*Records supplied*:

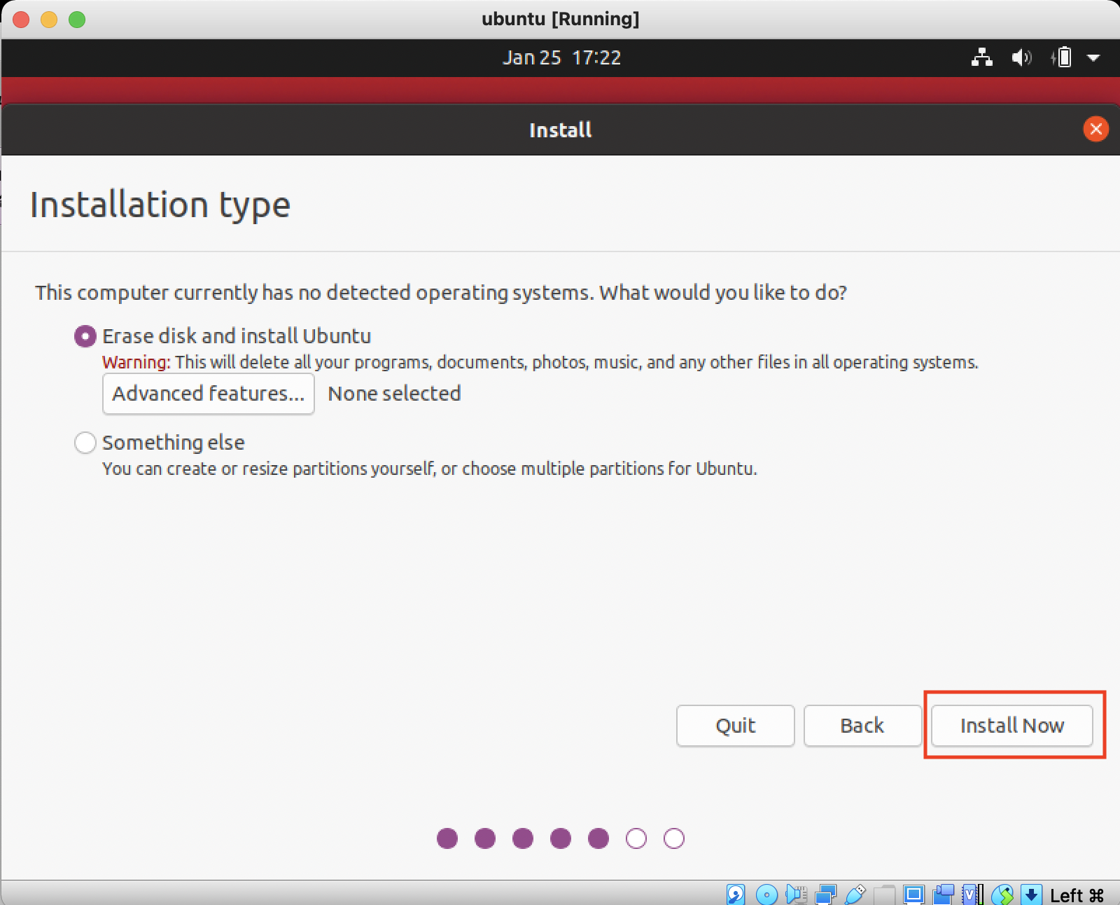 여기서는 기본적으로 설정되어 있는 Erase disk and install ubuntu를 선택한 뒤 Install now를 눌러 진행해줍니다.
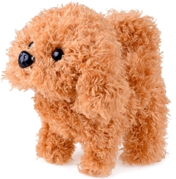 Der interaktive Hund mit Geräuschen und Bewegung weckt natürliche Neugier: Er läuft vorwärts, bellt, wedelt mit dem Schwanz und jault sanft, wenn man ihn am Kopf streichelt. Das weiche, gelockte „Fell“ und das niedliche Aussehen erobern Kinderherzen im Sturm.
* * *
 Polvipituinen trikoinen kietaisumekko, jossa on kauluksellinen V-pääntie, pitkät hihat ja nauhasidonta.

*Action item*:
Both the line above containing "여기서는 기본적으로 설정되어" and the line containing "Der interaktive Hund" belong in the copy, along with every line between them; print these exactly and omit the pictures.

*Response to the task*:
 여기서는 기본적으로 설정되어 있는 Erase disk and install ubuntu를 선택한 뒤 Install now를 눌러 진행해줍니다.
 Der interaktive Hund mit Geräuschen und Bewegung weckt natürliche Neugier: Er läuft vorwärts, bellt, wedelt mit dem Schwanz und jault sanft, wenn man ihn am Kopf streichelt. Das weiche, gelockte „Fell“ und das niedliche Aussehen erobern Kinderherzen im Sturm.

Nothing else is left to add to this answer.